LT Token Keeper Runbook¶

CRITICAL: lt-token-keeper runs in parallel with Python aegis-token-keeper-live during the G4 migration observation phase. The two keepers write to DIFFERENT token cache files to avoid race conditions. Do NOT remove the AEGIS_SAXO_TOKEN_CACHE_PATH override in docker-compose.lt-token-keeper.yml until the G4 Day 4 cutover.

What It Is¶

lt-token-keeper is the Rust-native Saxo OAuth2 refresh daemon, replacement for Python scripts/token_keeper.py running in the aegis-token-keeper-live container. It is the G4 phase of the Python → Rust trading infrastructure migration.

The daemon loop: 1. Load the token cache file via auth::load_token_cache 2. Classify the token freshness (AccessValid / NeedsRefresh / Expired24hToken) 3. If NeedsRefresh, call auth::refresh_token with the Saxo OAuth endpoint and save the new token via auth::save_token_cache (atomic tmp + rename) 4. Sleep interval_secs (default 900s from YAML) 5. Repeat until SIGTERM or SIGINT

On errors: - invalid_grant: log ERROR "Manual re-authorization required" and continue - Any other refresh error: log ERROR and continue - Never exits except on signal

Prerequisites¶

Central Synology .env at /volume1/aegis/.env MUST provide:

SAXOBANK_APP_KEY_LIVE — OAuth client ID (live environment)
SAXOBANK_APP_SECRET_LIVE — OAuth client secret (live environment)

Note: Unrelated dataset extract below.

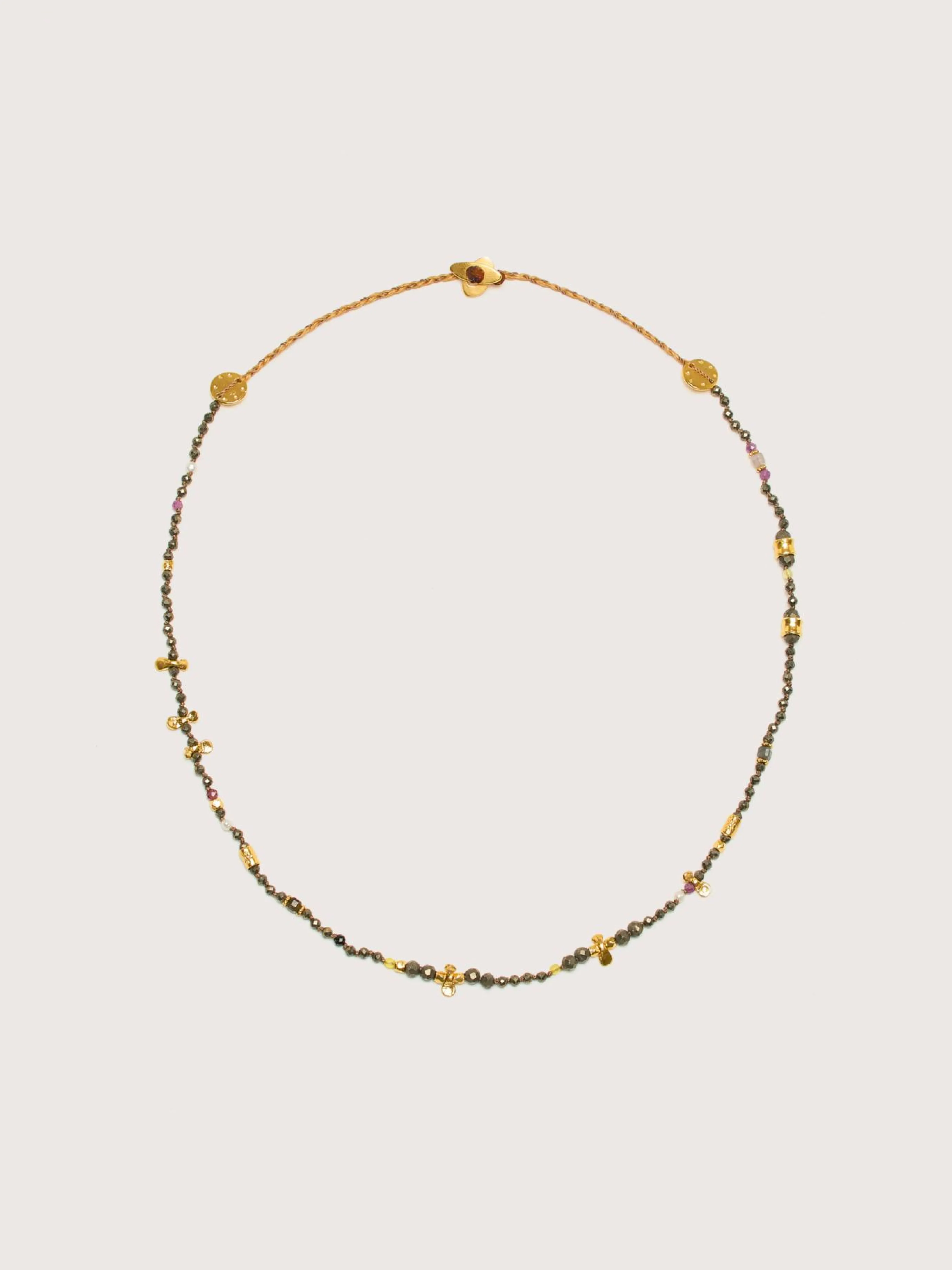 The Mary Gaitani Pyrite necklace is handmade in Greece with pyrite stones and 18k gold-plated charms on a waxed cord.

The daemon does NOT need: - SAXOBANK_ACCESS_TOKEN_LIVE — the refresh_token from the cache file is used instead - SAXOBANK_ACCOUNT_*_LIVE — refresh does not require account context

Paths that MUST exist on Synology:

/volume1/aegis/.env (must contain the two OAuth vars above)
/volume1/aegis/tokens/saxobank_tokens_live.json (canonical cache, managed by Python aegis-token-keeper-live during observation)
/volume1/aegis/tokens/saxobank_tokens_live_rust.json (parallel observation cache, bootstrapped by the deploy workflow on first run)
/volume1/aegis/repo/aegis_v3/configs/lt_token_keeper.yaml (daemon config)

How To Start¶

Preferred: trigger the dedicated workflow.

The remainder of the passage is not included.